Early next year, drivers of electric Ford vehicles will get a big bonus: Access to more than 12,000 Tesla Superchargers across the U.S. and Canada, thanks to a new partnership between the two companies. Current Ford EV owners will be able to charge on the Tesla infrastructure with the help of an adapter, but the next generation of electric cars from the auto giant will feature Tesla’s charging plug.

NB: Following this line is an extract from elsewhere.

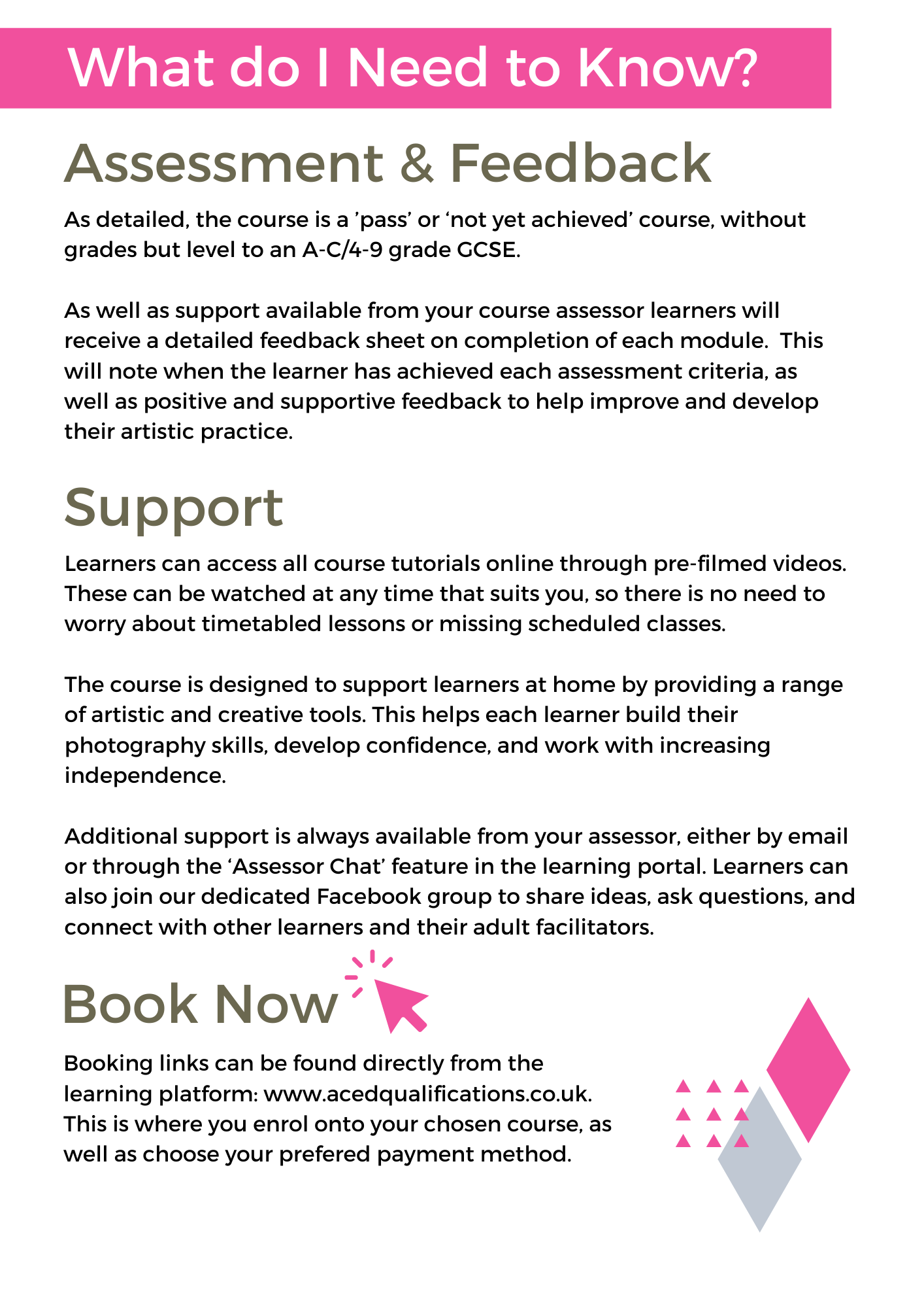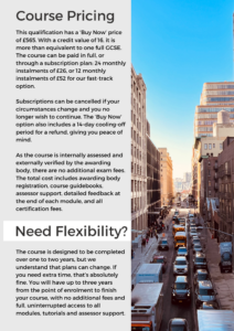 Work will be assessed online, with positive and encouraging feedback periodically throughout the course. On successful completion of the 10 modules, our learners will receive their Ofqual accredited certificate, comparable to a GCSE (A-C/4-9 grade).

Source: Interesting Engineering

BEAM ME UP


While holoportation might sound straight out of Star Trek, it could help students at Gallaudet University, a liberal arts school for the deaf and hard of hearing, participate in remote learning. The Epic hologram projection unit from Proto “beams” life-sized images of people into rooms for real-time interaction. At the Visual-Centric Teaching and Learning Symposium hosted by Gallaudet this spring, university president Roberta J. Cordano “beamed” into the Epic to interact with attendees using American Sign Language. The school is interested in the technology’s potential to host guest speakers from around the world.